Beijing’s change in policy might alleviate the pressure for forced abortions “in certain situations,” he said Thursday. “But they’re really just pushing back the limits a little bit. So while in the past if you had one child already, they’d go after the second child; now if you have two children they’ll go after a third child.”
“In previoius years the Communist Party didn’t even admit the nature of the one-child policy,” he said, speaking of the progress that has been made by activists. “Now they’re more openly talking about some of these issues…. Because the outside world is aware of the policy and the brutality of this policy, it has expended considerable effort and concern in talking about it. This has ended up influencing the party to the point that they are relaxing the policy, as announced today.”
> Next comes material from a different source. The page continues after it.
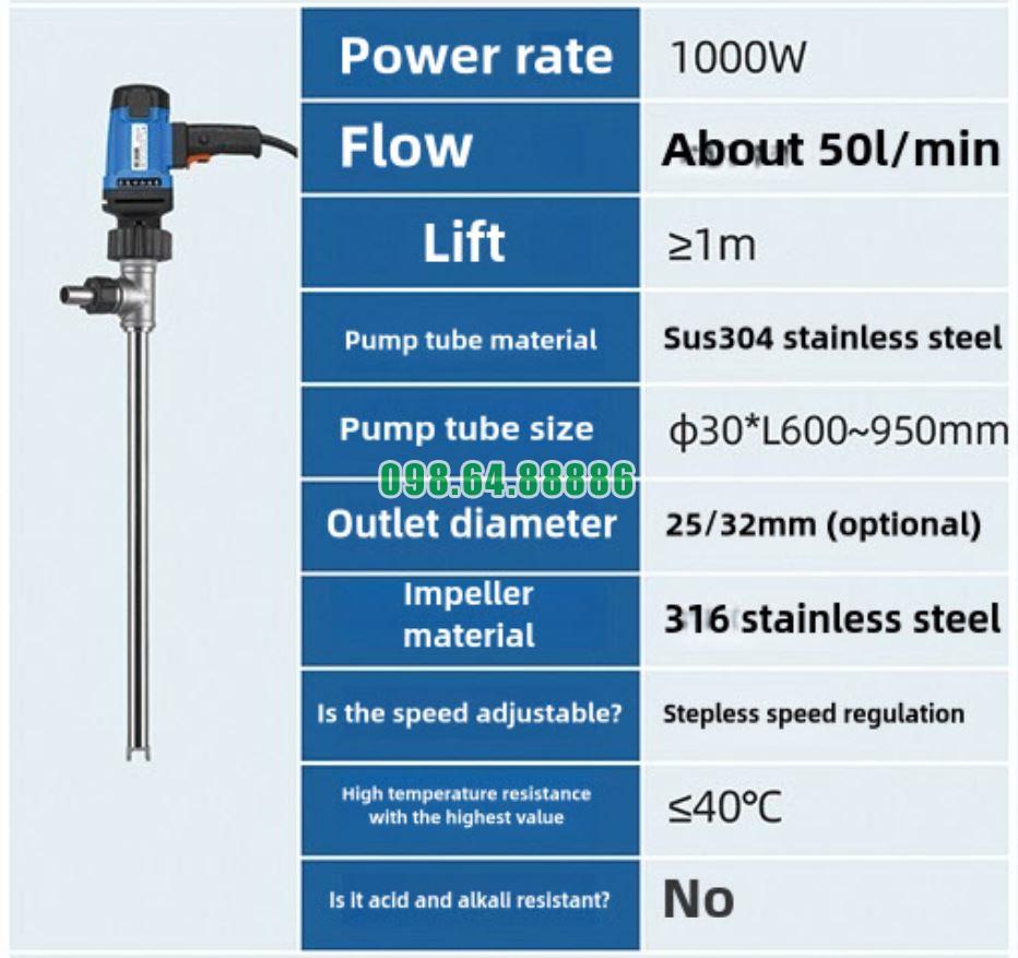 Bơm dầu thùng phuy mini chạy điện JDT-1000W-30SUS304
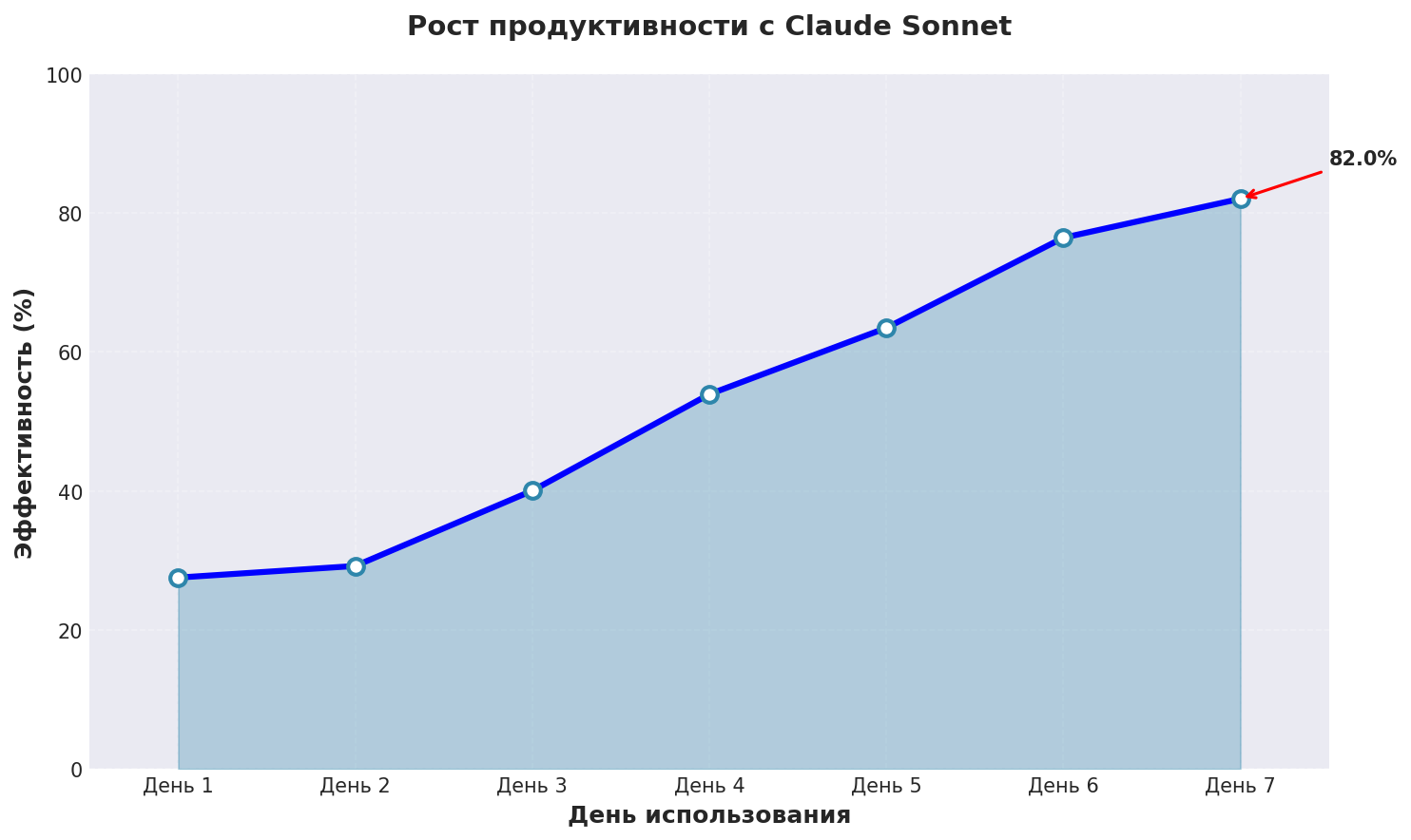 График показывает реальный рост эффективности нейросеть рассказ при использовании Claude Sonnet с применением описанных техник

But, he cautioned, the one-child policy is “ensconced throughout the entire system, the entire hierarchy, from the central government down to the local governments. And people in all levels of government receive kickbacks and benefits from their participation in it.”
“Our goal is to completely eliminate China’s population control and family planning policy,” he said.
Another activist who has been calling attention to the one-child policy and its enforcement is Reggie Littlejohn, founder and president of Women’s Rights Without Frontiers.
“Instituting a two-child policy,” she said in a statement to Aleteia, “will not end forced abortion in China. Couples will still have to have a birth permit for the first and the second child, or they may be subject to forced abortion. The core of the one-child policy is not the number of children the government allows. It’s the fact that the government is setting a limit on children and enforcing this limit coercively. That will not change under a two-child policy.”
Ironically, the one-child policy is apparently being abandoned because of economic concerns: it was instituted when Deng Xiaoping and other leaders concluded that China’s growing population threatened to stifle economic growth, the New York Timespointed out.
“The regime is backing away from draconian birth limits,” says Steven Mosher, president of the Population Research Institute, “not because senior Party officials have suddenly developed a conscience. Rather, it will be because they have finally realized that a shrinking workforce and a rapidly aging population are crippling future economic growth.”
“For at least the past two years, China’s workforce has been shrinking,” Mosher said in a statement to Aleteia. “Last year the potential workforce fell by 3.71 million, a significant number even by China’s standards. At the same time, the over-60 population is exploding. According to UN projections, it is expected to more than double by 2050. China is growing old before it grows rich, and the strains on China’s nascent pension programs will be enormous.”
The economic, pragmatic reason for reversing the one-child policy reflects the idea that “individuals exist for the sake of collectivities, or individuals exist for the sake of maintaining institutions,” Robert George said. “But of course that’s exactly backwards. Institutions exist to serve persons, the interest of persons. Persons should not be treated as a means to social ends. Social institutions are rather means to the flourishing of persons.”
John Burger is news editor for Aleteia’s English edition.